Selasa, 13 Februari 2018 17:39 WITA

Gubernur Aceh Bolehkan Perayaan Valentine, Bupati Aceh Besar Larang Tegas

Editor: Abu Asyraf
Gubernur Aceh Bolehkan Perayaan Valentine, Bupati Aceh Besar Larang Tegas
Bupati Aceh Besar, Mawardi Ali.

RAKYATKU.COM - Pemerintah Provinsi Kalimantan Tengah (Kalteng) melarang perayaan Valentine's Day atau hari kasih sayang. Larangan itu dituangkan dalam bentuk surat imbauan.

Pelaksana tugas Sekretaris Daerah (Sekda) Provinsi Kalteng, Fahrizal Fitri mengatakan, imbauan tersebut ditujukan kepada para kepala sekolah tingkat SMA, SMK, SMP, dan MTs.

Dia menyebut bahwa perayaan Valentine tidak sesuai dengan karakter budaya Indonesia dan cenderung menjadi ajang pergaulan bebas. Kasih sayang harus ditunjukkan sepanjang waktu, bukan hanya hari tertentu.

Dia juga mengajak generasi muda Kalimantan Tengah agar memiliki jati diri yang religius, nasionalis, mandiri, dan berintegritas. Pihak sekolah siminta berkomunikasi dan berkoordinasi dengan masyarakat dan keluarga dalam pembinaan karakter generasi muda.

"Kita mengingatkan. Karena yang kita khawatirkan terhadap generasi muda. Generasi-generasi muda ini kan ada di level SMA, SMK, SMP. Mereka ini rentan yang mudah terpengaruh, ikut-ikutan teman," kata Fahrizal seperti dikutip dari Kompas.com, Selasa (13/2/2018).
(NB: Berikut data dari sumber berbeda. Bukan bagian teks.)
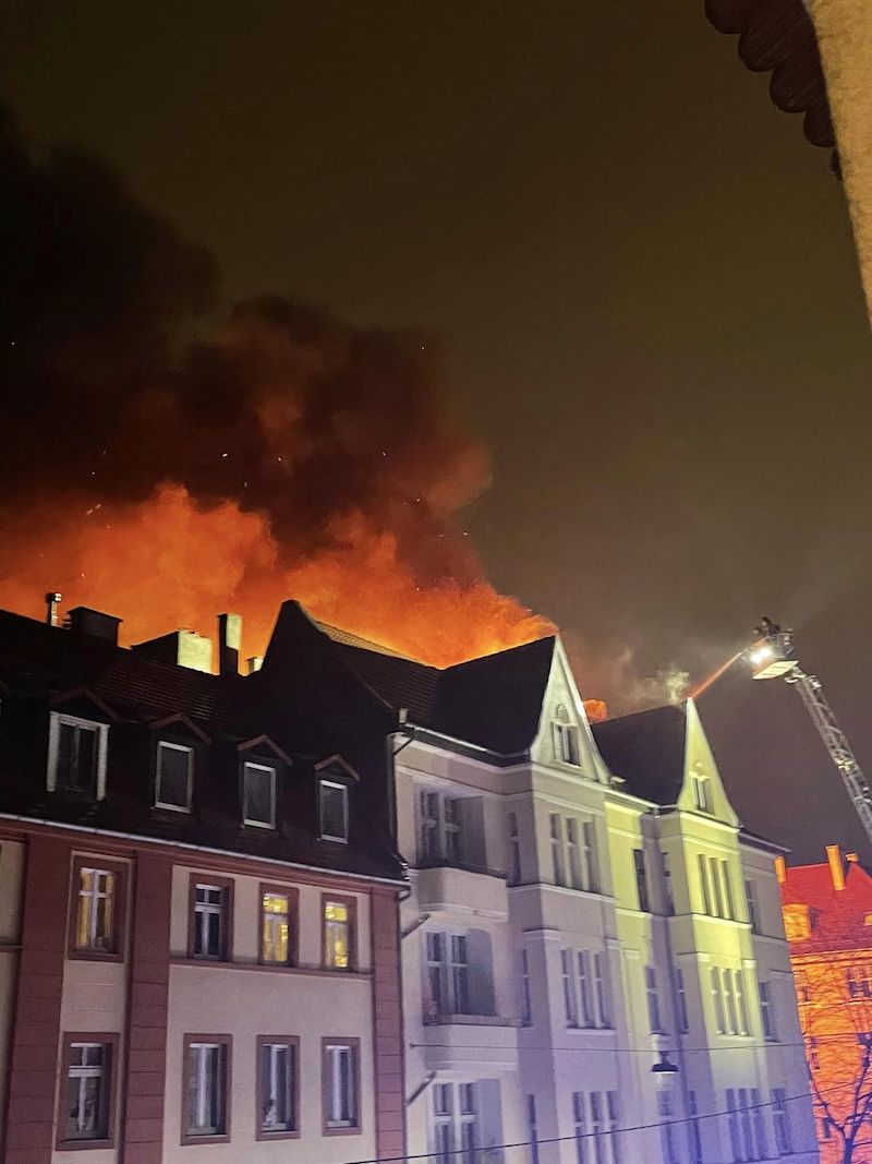 Powierzchnia pożaru to 200 metrów kwadratowych. Jedno mieszkanie na poddaszu zostało całkowicie spalone, inne są zalane.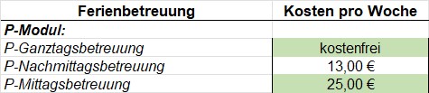 Das Angebot der Ferienbetreuung richtet sich an alle Kinder unserer Schulbetreuung. Die Teilnahme an der Ferienbetreuung ist kostenpflichtig und bedarf einer verbindlichen Anmeldung. Diese erhalten die Eltern etwa 4 Wochen im Voraus zusammen mit den geplanten Aktivitäten und Ausflügen per Mail. Die Anmeldung muss der Einrichtung bis zum im Infobrief angegebenen Anmeldeschluss vorliegen. Für die angebotenen Aktionen und Ausflüge fallen zusätzliche Geldbeträge an, die den Eltern nachträglich in Rechnung gestellt werden.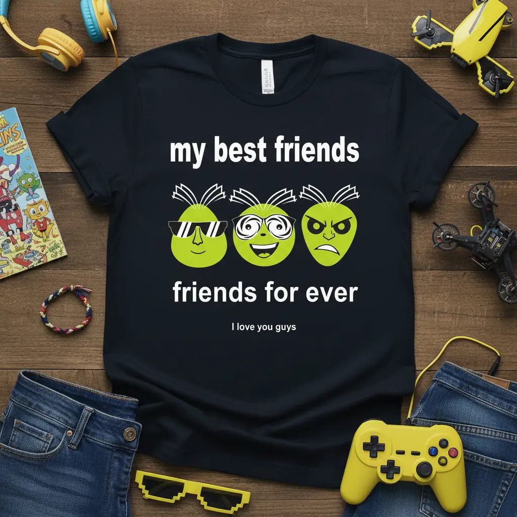 This t-shirt proudly displays the heartwarming message “my best friends friends for ever,” creating a powerful visual representation of lasting camaraderie. The accompanying phrase, “i love you guys,” adds a personal and affectionate touch, making it ideal for expressing gratitude to your closest circle. The design features three distinct green characters, each with a unique personality reflected in their expressions, symbolizing the diverse yet unified nature of strong friendships.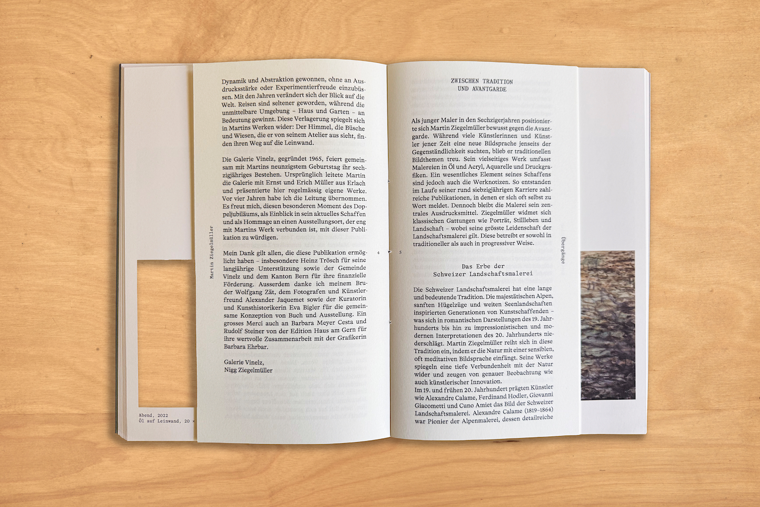 Das Thema «Übergänge» nimmt Bezug auf das Lebensalter von Martin Ziegelmüller und auf den Atelierbrand vom vergangenen Jahr: wie in seiner Malerei die Übergänge von Wasser zum Himmel, vom Fluss zum Hügel, vom Vorder- zum Hintergrund und von einer Farbe zur anderen die entscheidende Rolle spielen, muss sich Martin Ziegelmüller auch im hohen Alter immer wieder neue Übergängen meistern.

Gubernur Aceh Bolehkan Perayaan Valentine, Bupati Aceh Besar Larang TegasGubernur Aceh, Irwandi Yusuf

Kondisi berbeda terjadi di Aceh. Provinsi yang menerapkan syariat Islam tersebut justru membolehkan perayaan Valentine. Gubernur Aceh Irwandi Yusuf mengaku tidak bisa melarang masyarakat yang ingin merayakannya.

"Sebetulnya perayaan, asal jangan berlebihan, itu hukumnya mubah, boleh. Asal jangan timbul extravaganza-nya," kata Irwandi di kantor wakil presiden, Jakarta, Selasa (13/2/2018).

Irwandi mengungkapkan, hari Valentine boleh dirayakan asal tidak melanggar hukum. Adapun bagi kepala daerah di Aceh yang mengeluarkan surat larangan merayakan Valentine, kata dia, hanya bersifat imbauan. "Mengimbau boleh, melarang jangan," katanya.

Sikap gubernur Aceh itu berbeda dengan Bupati Aceh Besar, Mawardi Ali. Dia telah mengeluarkan surat imbauan yang berisi larangan perayaan Valentine's Day di wilayahnya. Polisi syariat dan Satpol PP akan menjaga objek wisata yang ada di kabupaten tersebut. 

Mawardi mengaku surat edaran itu sudah disampaikan kepada berbagai pihak mulai camat, kepala sekolah, hingga kepala desa. Semua elemen masyarakat di Aceh Besar diminta untuk mencegah adanya perayaan hari kasih sayang. 

"Kita bikin surat kepada camat, sekolah-sekolah dan kades, semua elemen masyarakat Aceh Besar untuk mensosialisasikan tidak ada Valentine's Day di Aceh Besar. Kita harus hormati masyarakat Aceh dan Aceh Besar yang melaksanakan syariat Islam," kata Mawardi usai pelatihan pratugas pendamping kecamatan program Aceh Besar sejahtera, Selasa (13/2/2018). 

"Kalau mau pacaran silakan setelah nikah. Kalau mau kasih sayang setelah nikah silakan," jelasnya. 

Meski ada larangan perayaan valentine's day, objek wisata di Aceh Besar tidak diintruksikan untuk ditutup. Hanya saja, Pemkab Aceh Besar akan mengerahkan Satpol PP dan Wilayatul Hisbah (WH/Polisi Syariat) untuk menjaga lokasi wisata agar tidak ada perayaan hari kasih sayang. 

"Tempat wisata tidak kita tutup tapi kita kawal. Satpol PP dan WH akan kawal dan tidak ada yang namanya perayaan valentine's day di Aceh Besar," ungkap mantan anggota DPR Aceh ini.